There are significant risks associated with relying on these third-party foundries and subcontractors, including:

Failure by us, our customers or their end customers to qualify a selected supplier;
Potential insolvency of the third-party subcontractors;
Reduced control over delivery schedules and quality;
Limited warranties on wafers or products supplied to us;
Potential increases in prices or payments in advance for capacity;
Increased need for international-based supply, logistics and financial management;
Disruption to our supply chain resulting from cyber-attacks on our suppliers' information technology systems;
Their inability to supply or support new or changing packaging technologies; and
Low test yields.

We typically do not have long-term supply contracts with our third-party vendors which obligate the vendor to perform services and supply products to us for a specific period, in specific quantities, and at specific prices. Our third-party foundry, assembly and test subcontractors typically do not guarantee that adequate capacity will be available to us within the time required to meet demand for our products. In the event that these vendors fail to meet our demand for whatever reason, we expect that it would take up to 12 months to transition performance of these services to new providers. Such a transition may also require qualification of the new providers by our customers or their end customers.

If our suppliers experience closures or reductions in their capacity utilization levels in the future, we may have difficulty sourcing materials necessary to fulfill production requirements. Public health crises, such as the COVID-19 pandemic, may affect our suppliers' production capabilities as a result of quarantines, closures of production facilities, lack of supplies or delays caused by restrictions on travel.
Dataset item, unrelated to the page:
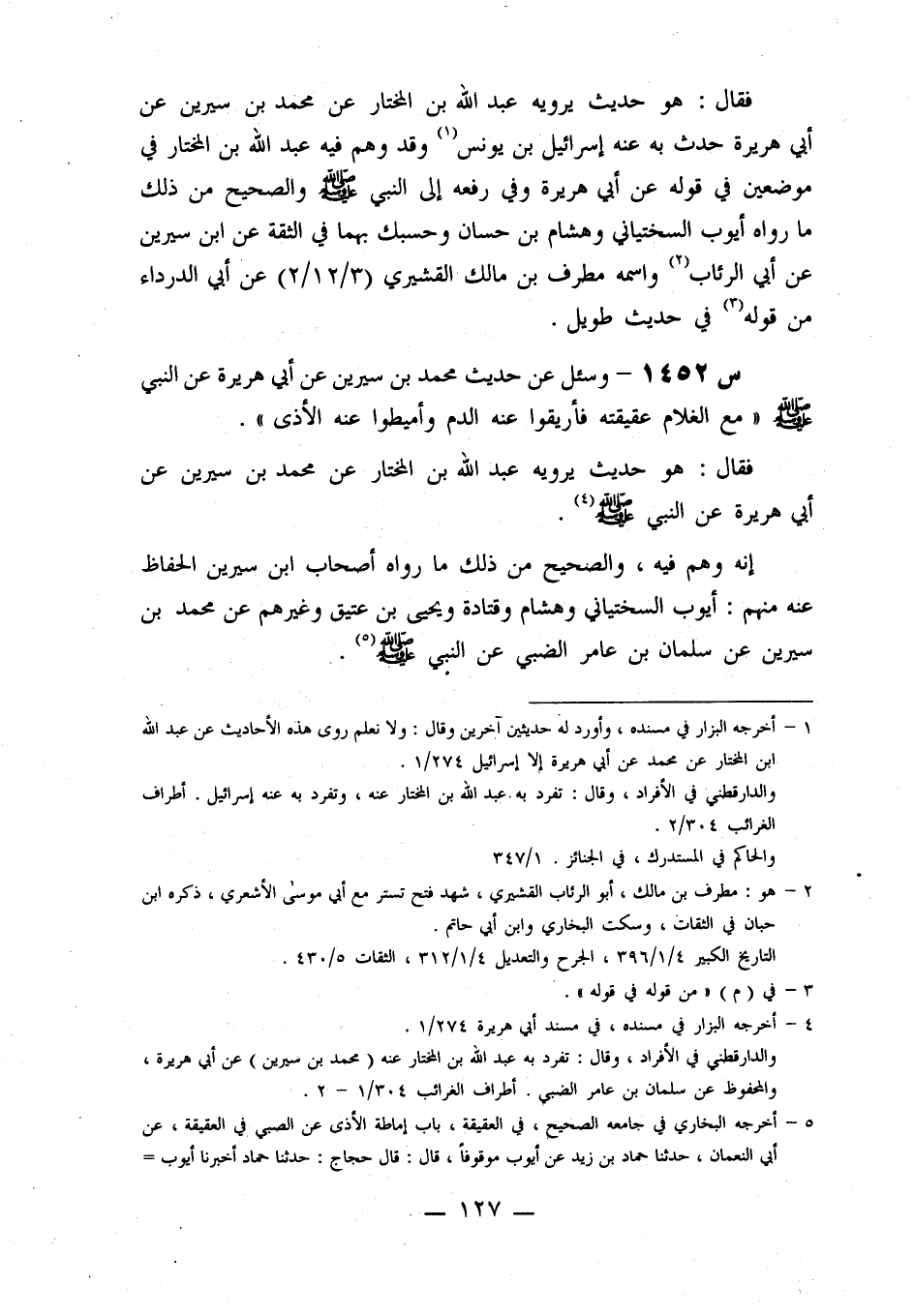 1452- وَسُئِلَ عَنْ حَدِيثِ مُحَمَّدِ بْنِ سِيرِينَ، عَنْ أَبِي هُرَيْرَةَ، عَنِ النَّبِيِّ صَلَّى الله عليه وَسَلَّمَ: مَعَ الْغُلَامِ عَقِيقَتُهُ، فَأَرِيقُوا عَنْهُ الدَّمَ، وَأَمِيطُوا عَنْهُ الْأَذَى.

Most of the silicon wafers for the products that we have sold were manufactured either by Taiwan Semiconductor Manufacturing Co. (TSMC) or Semiconductor Manufacturing International Corporation (SMIC). Our customers typically complete their own qualification process. If we fail to properly balance customer demand across the existing semiconductor fabrication facilities that we utilize or are required by our foundry partners to increase, or otherwise change the number of fab lines that we utilize for our production, we might not be able to fulfill demand for our products and may need to divert our engineering resources away from new product development initiatives to support the fab line transition, which would adversely affect our operating results.

We may not be able to maintain our historical growth and may experience significant period-to-period fluctuations in our revenues and operating results, which may result in volatility in our stock price

Although we have generally experienced revenue growth in our history, we may not be able to sustain this growth. We may also experience significant period-to-period fluctuations in our revenues and operating results in the future due to a number of factors, and any such variations may cause our stock price to fluctuate. In some future period our revenues or operating results may be below the expectations of public market analysts or investors. If this occurs, our stock price may drop, perhaps significantly.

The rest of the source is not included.